THE RECORDS:
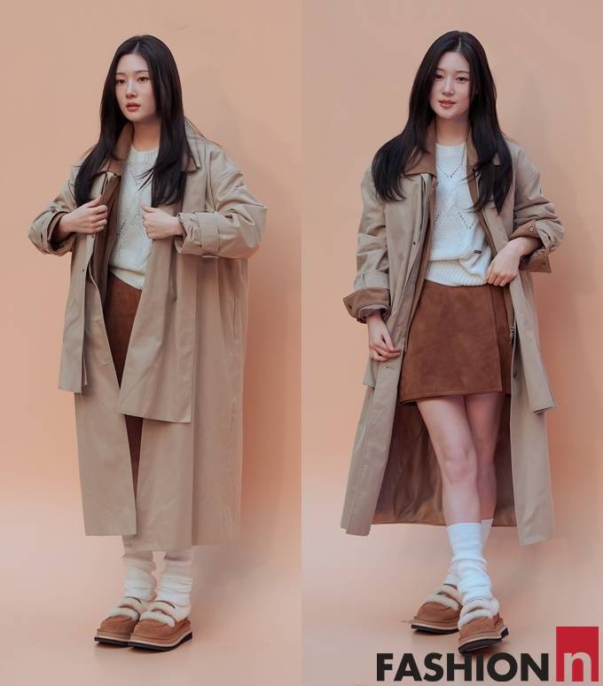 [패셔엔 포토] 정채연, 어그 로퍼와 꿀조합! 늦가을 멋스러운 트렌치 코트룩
==
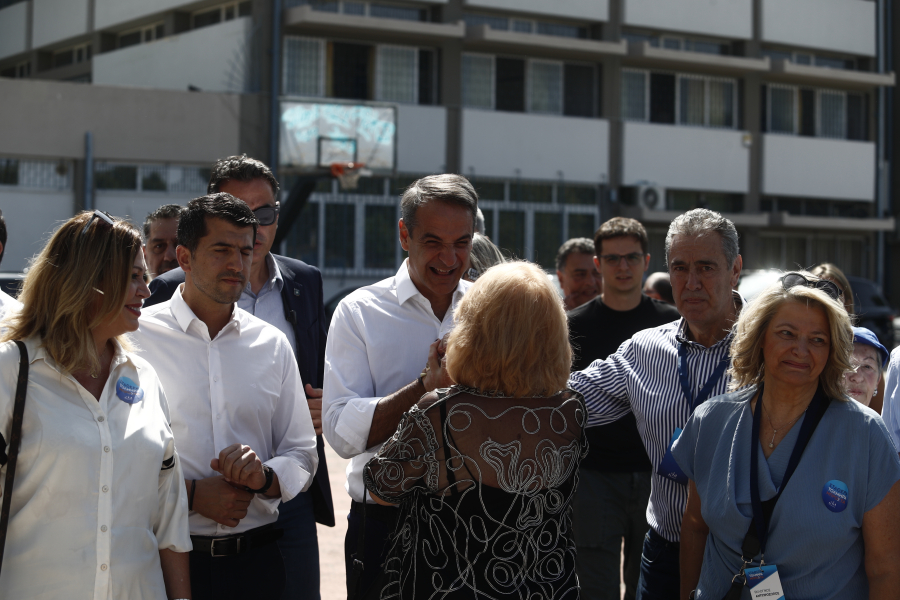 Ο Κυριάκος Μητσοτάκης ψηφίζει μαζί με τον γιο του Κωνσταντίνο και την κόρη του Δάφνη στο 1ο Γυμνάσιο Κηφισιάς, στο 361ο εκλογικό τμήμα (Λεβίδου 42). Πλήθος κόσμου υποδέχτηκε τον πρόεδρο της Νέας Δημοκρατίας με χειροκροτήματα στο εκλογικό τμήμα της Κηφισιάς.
---
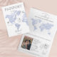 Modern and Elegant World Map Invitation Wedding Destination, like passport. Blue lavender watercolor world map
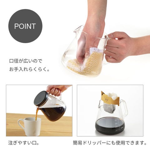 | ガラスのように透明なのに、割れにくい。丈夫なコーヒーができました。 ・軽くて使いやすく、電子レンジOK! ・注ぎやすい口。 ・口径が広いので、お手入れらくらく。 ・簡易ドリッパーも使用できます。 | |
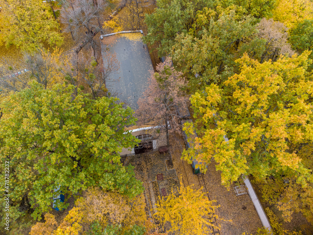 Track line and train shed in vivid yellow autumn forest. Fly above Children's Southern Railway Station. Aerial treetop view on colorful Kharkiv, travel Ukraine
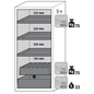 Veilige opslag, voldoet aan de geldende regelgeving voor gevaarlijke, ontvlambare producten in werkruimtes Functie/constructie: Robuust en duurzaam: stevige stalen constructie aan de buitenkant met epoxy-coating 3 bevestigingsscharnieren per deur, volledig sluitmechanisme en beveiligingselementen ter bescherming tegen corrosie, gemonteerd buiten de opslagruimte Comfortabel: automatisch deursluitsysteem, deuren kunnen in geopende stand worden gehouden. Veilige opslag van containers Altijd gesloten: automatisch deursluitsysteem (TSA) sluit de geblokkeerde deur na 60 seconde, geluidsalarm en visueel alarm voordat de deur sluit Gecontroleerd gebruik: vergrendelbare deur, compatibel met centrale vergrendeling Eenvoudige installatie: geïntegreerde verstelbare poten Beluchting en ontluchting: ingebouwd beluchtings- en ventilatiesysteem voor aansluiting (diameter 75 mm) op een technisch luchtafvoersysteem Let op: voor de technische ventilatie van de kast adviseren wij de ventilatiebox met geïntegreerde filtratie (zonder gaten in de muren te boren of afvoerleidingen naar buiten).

GOAL OF THE EXERCISE: In the records above, everything from the line with "ガラスのように透明なのに、割れにくい。丈夫なコーヒーができました。 ・軽くて使いやすく、電子レンジOK! ・注ぎやすい口。" down to the line with "Track line and" is to be set down exactly, both ends included, with no pictures and no other lines.

ANSWER BOX:
 | ガラスのように透明なのに、割れにくい。丈夫なコーヒーができました。 ・軽くて使いやすく、電子レンジOK! ・注ぎやすい口。 ・口径が広いので、お手入れらくらく。 ・簡易ドリッパーも使用できます。 | |
 Track line and train shed in vivid yellow autumn forest. Fly above Children's Southern Railway Station. Aerial treetop view on colorful Kharkiv, travel Ukraine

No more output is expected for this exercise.